8) Une épuration trop indulgente pour l'opinion publique

 Les gens qui s'expriment alors, en particulier le comité de Libération et le comité de Résistance, s'élèvent à de nombreuses reprises contre une épuration qu'ils jugent trop molle. Les plaintes redoublent à Saumur, quand on y apprend que le major Holzapfel, qui avait commandé la garnison de Saumur à la fin de la guerre et qui avait été arrêté en Lorraine, en compagnie de sa maîtresse et sous une fausse identité, vient de solliciter la nationalité française ( Courrier de l'Ouest, 12 juillet 1946 ).

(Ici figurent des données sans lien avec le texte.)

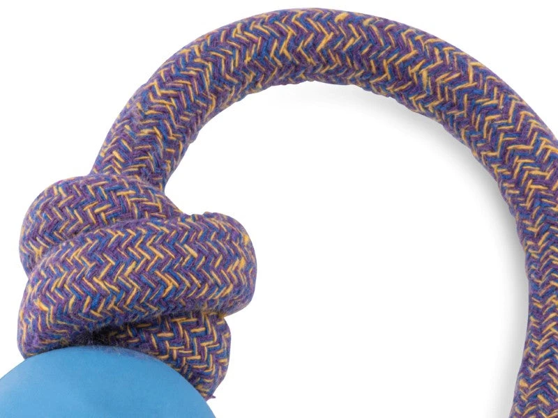 Going the distance to keep your dog leaping to the sky. A natural rubber ball on a strong and soft-to-touch recycled cotton rope. The natural rubber is super tough, and the rope makes it easy to throw; ideal for a game of fetch.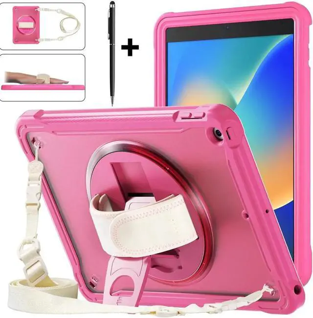 Case For iPad 9th 8th 7th Generation 10.2 inch 2021 2020 2019 Shcokproof Cover with Transparent Back, Pencil Holder, Rotating Stand, Hand/Shoulder Strap, Stylus Pen Rose Red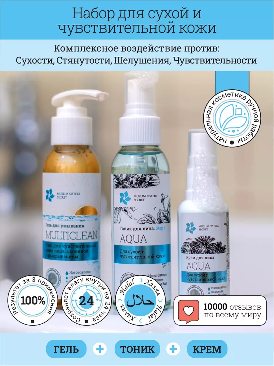 The Muslim Sisters Secret cosmetics set for dry and sensitive skin is a great gift for a loved one and a smart choice of skincare for yourself. The AQUA complex for dry and sensitive skin deeply moisturizes and nourishes, restores the protective layer, and fills wrinkles and fine lines. This is the best skincare set for dry and sensitive skin, with a natural formula and healing zamzam water in each jar. The Multiclean cleansing gel is specially formulated for gentle cleansing and is suitable for those with sensitive, dry, and irritated skin. Thanks to a combination of caring and soothing ingredients, this cleanser gently cleanses, leaving skin feeling soft and comfortable. The product's rich formula provides intense nourishment and softening of the epidermis, restores barrier function, and slows cellular aging. Panthenol and inulin relieve redness and irritation. Aloe leaf, chamomile, and fireweed extracts have broad anti-inflammatory and antibacterial properties. Aqua Tonic perfectly restores natural moisture levels for 24 hours. Its prolonged and deep action gently retains moisture, accelerates cellular metabolism, and actively vitaminizes the epidermis. Halal AQUA cream for dry skin creates a thin, breathable layer that prevents moisture loss and deeply moisturizes for 24 hours. A blend of herbal extracts and oils restores natural sebum levels, stimulating the skin's natural protective functions, providing excellent nourishment and eliminating irritation and flaking. Cocoa butter contains essential vitamins B and E, which improve skin elasticity and have a broad-spectrum toning effect on vascular walls. D-Panthenol nourishes and softens, while allantoin stimulates cell proliferation and heals microcracks. Muslim sisters cosmetics, a cosmetics brand for Muslim women, has developed halal care product, zamzam, which is chemical-free, not tested on animals, and is completely biocompatible with skin.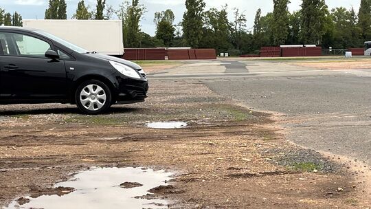 Nach Regenfällen ist die Pfingstwiese von Pfützen übersät. Das soll jetzt anders werden, die Fläche einen neuen Belag bekommen. Denn sie soll ja künftig als gebührenpflichtiger Parkplatz genutzt werden.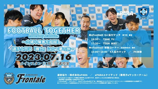 2023年7月 川崎フロンターレ・2023ファン感謝デー特別企画「FOOTBALL TOGETHER Powered by eFootball™️」を制作・出演。佐々木旭選手や早坂勇希選手と、コーチ・サポーター・ePARAユナイテッドメンバーがサッカーゲーム内で共闘しました。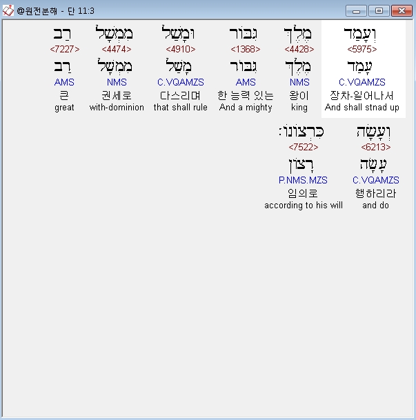 히브리어구약BHS,3 וְעָמַד מֶלֶךְ גִּבֹּור וּמָשַׁל מִמְשָׁל רַב וְעָשָׂה כִּרְצֹונֹו׃
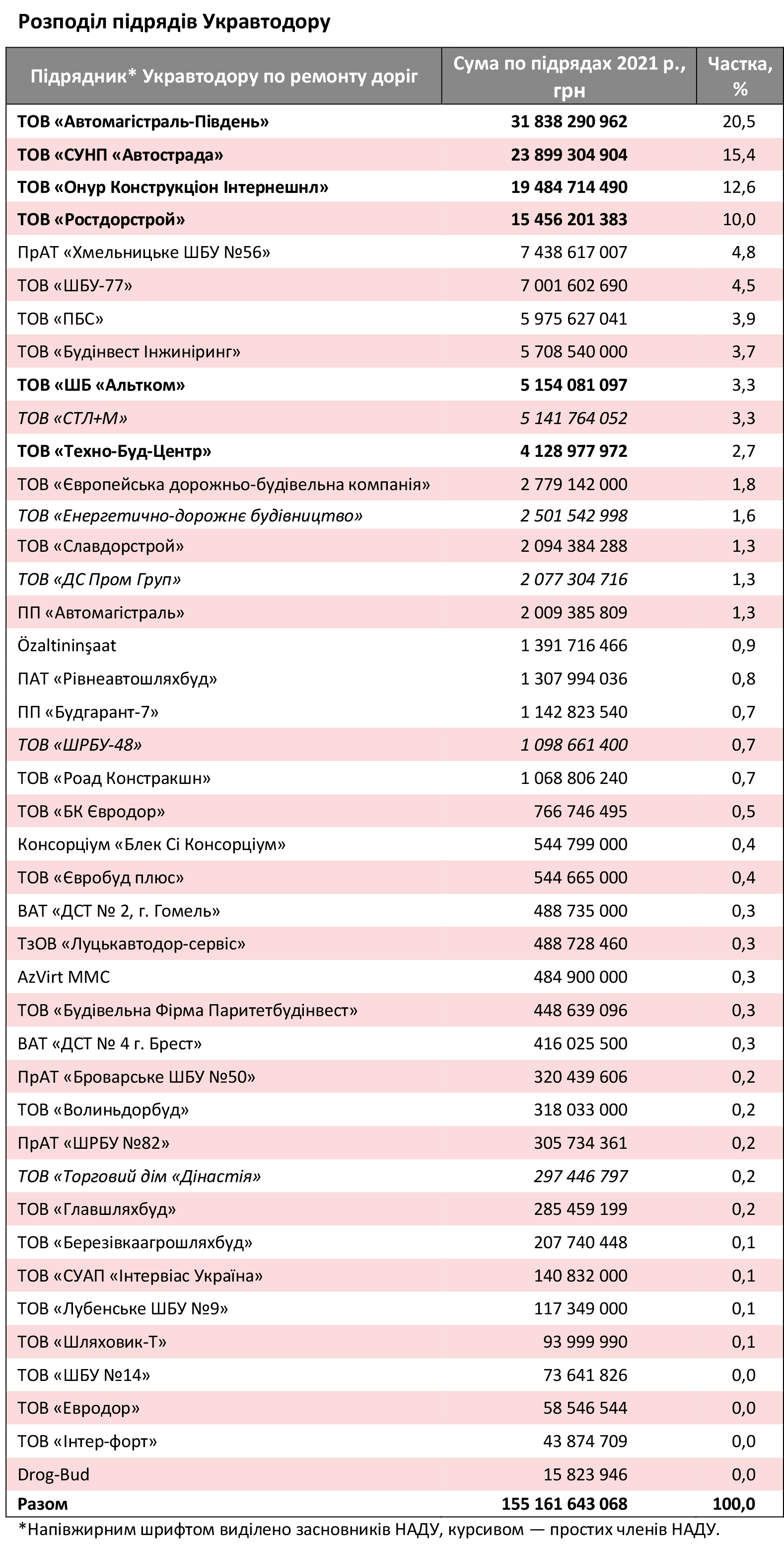 Нагадаємо, розкол серед фаворитів Укравтодору почався цієї весни із заяви власника «Автостради» Максима Шкіля про вихід із Національної асоціації дорожників України (НАДУ). Її на початку «Великого будівництва» заснували шість великих компаній, щодо яких «Ліга антитрасту» подавала заяву в АМКУ з переліком ознак картельної змови. Через півтора року цей картель дав тріщину, й «Автострада» цього літа почала дедалі рідше перетинатися з «Автомагістраллю-Південь» і «Онуром».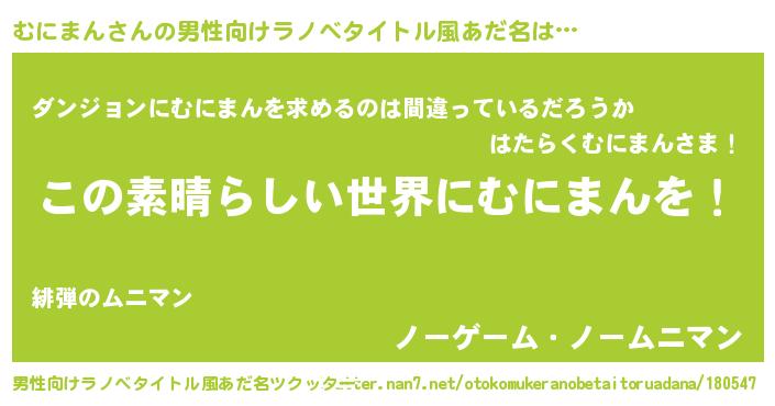 | 女子向けラノベタイトル風あだ名 | 『悪役むにまんに転生したようですが、知った事ではありません』 |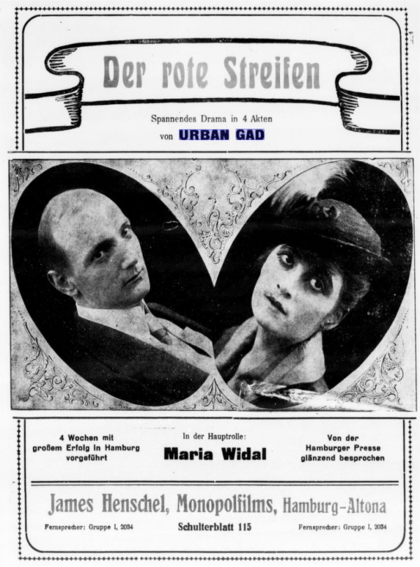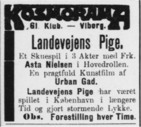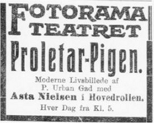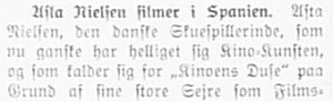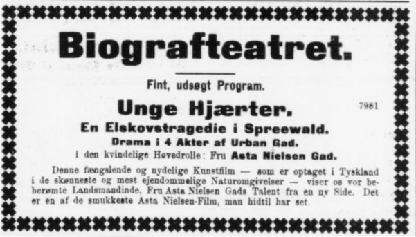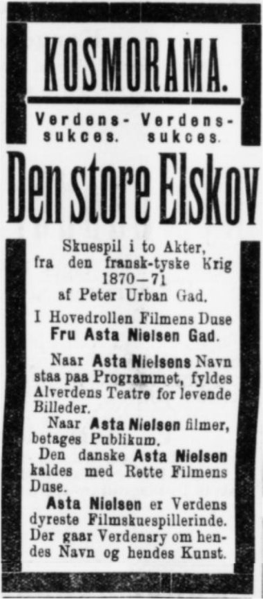 I alle Lande, civiliserede og eksotiske, pranger nu hendes og Urban Gads Navne paa Kæmpeplakater, og en statistisk Opgørelse har vist, at gennemsnitlig halvanden Million Tilskuere daglig ser hende i ca. 600 Teatre, hvoraf adskillige i Tyskland bærer Navnet: Asta Nielsen Lichtspiele.
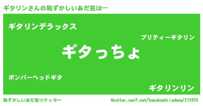 | ヘコむあだ名 | 『豆乳』『ギタぷりん』『ギタにゅー』 |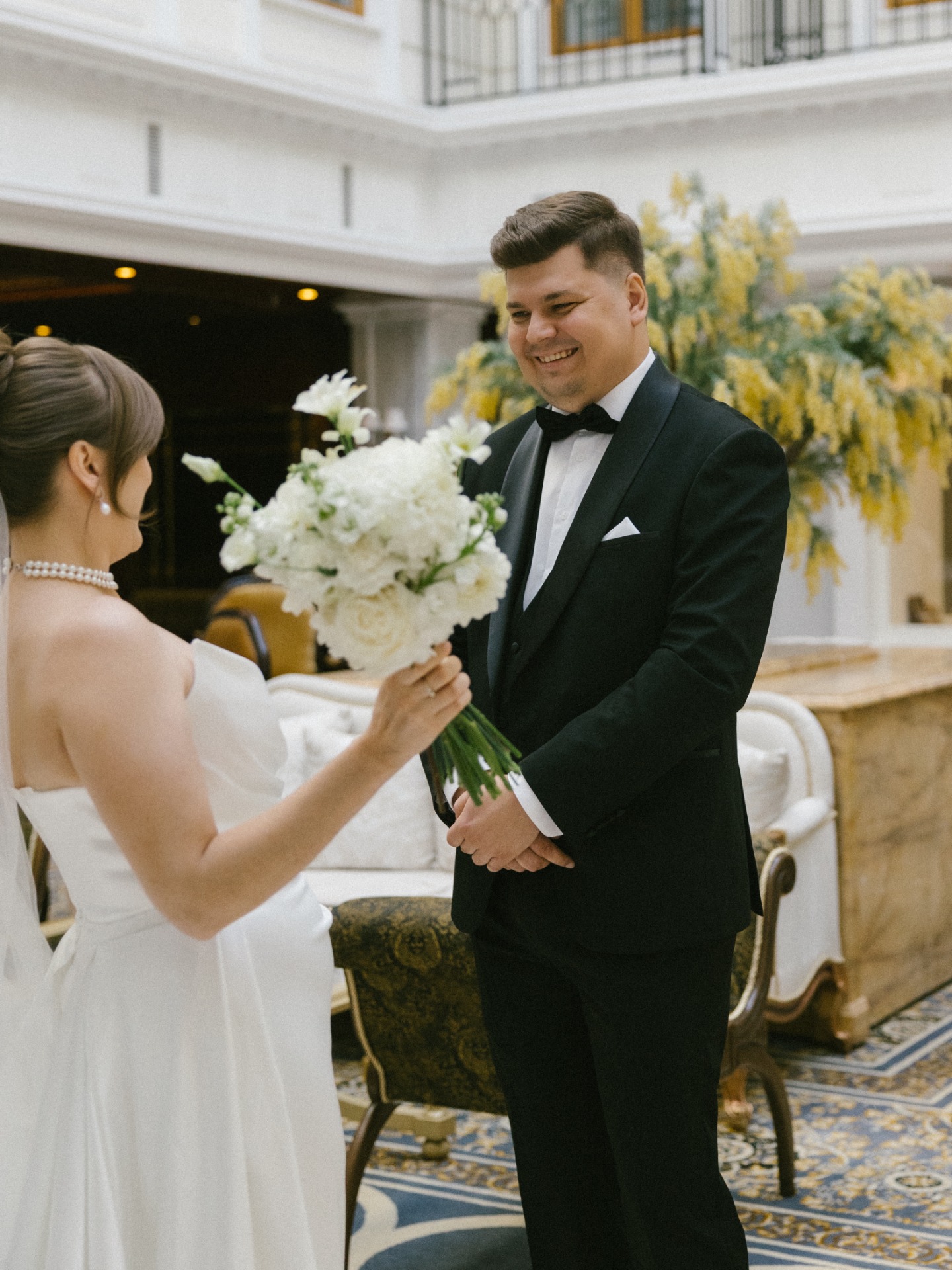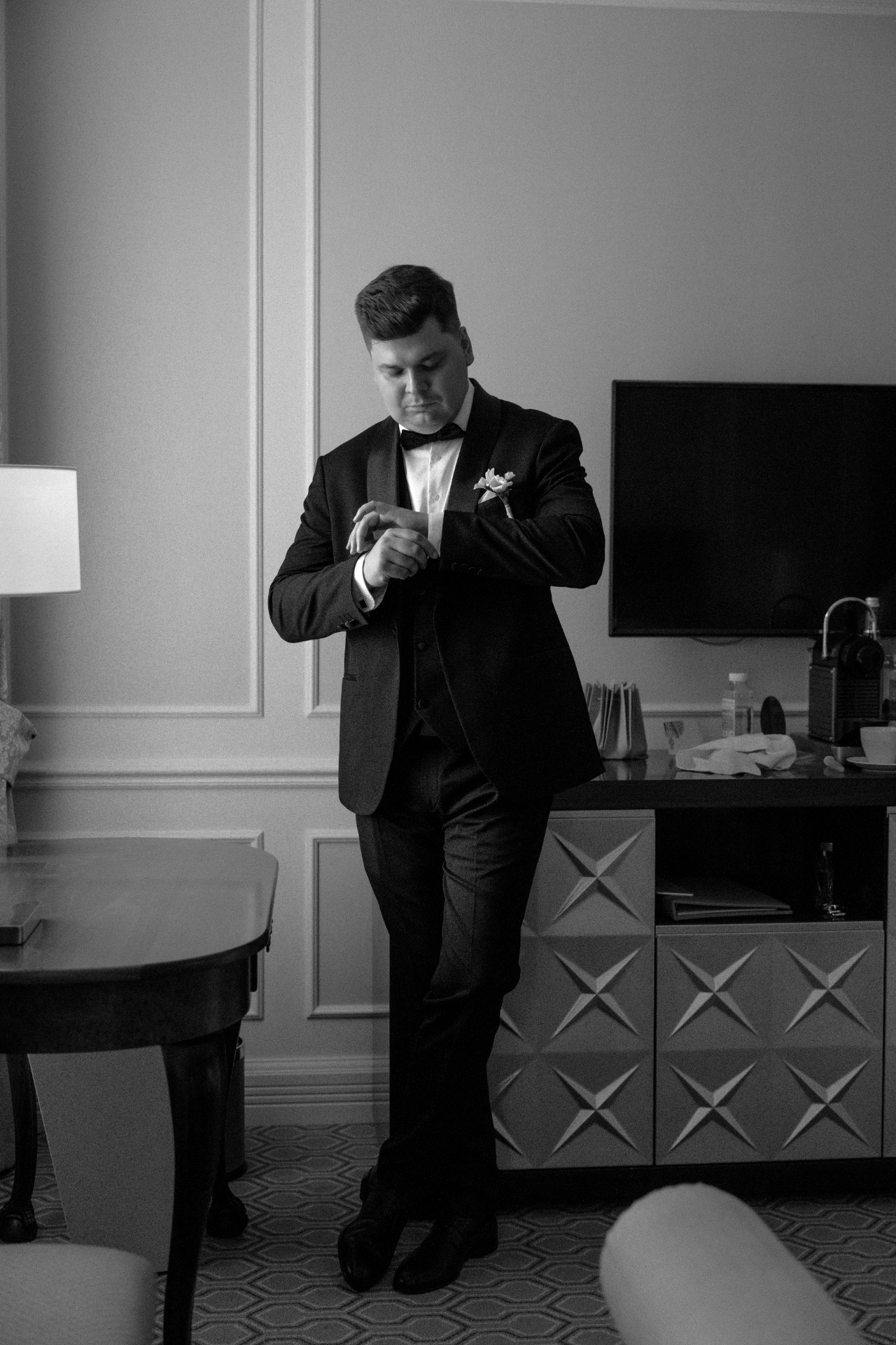 С нарядом Димы было чуть сложнее, так как к концу сезона не во всех салонах оставались классические смокинги. В итоге мы нашли костюм совершенно случайно. Дополнениями к его образу стали бабочка и запонки.

 Si l'épuration administrative paraît laxiste, l'épuration judiciaire est bien plus stricte pour les chefs réels de la collaboration et plutôt indulgente pour les simples exécutants. Cette attitude correspondait à la volonté du commissaire régional de la République, Michel Debré, qui s'en explique dans ses mémoires Trois républiques pour une France, t. 1, Combattre, 1984, p. 327-335. En dépit de son ton inquisiteur, il ne souhaitait pas une répression trop large, il recommande l'indulgence pour les adhérents du Groupe Collaboration, qu'il qualifie de « collaboration de salon ». Il fallait que les activistes pro-allemands soient présentés comme une infime minorité coupée de la population, alors que la masse des Français était unie dans l'ombre autour du général de Gaulle...

 Des Saumurois à l'attitude indigne ont échappé à toute sanction, mais pas au mépris durable de leurs concitoyens. Par exemple, dans une conversation de café, quelqu'un m'avait glissé que le serveur avait un passé chargé, sans m'en dire davantage. Je viens de découvrir qu'il avait été un militant du M.S.R. et qu'il avait été enfermé quelques semaines à la Libération.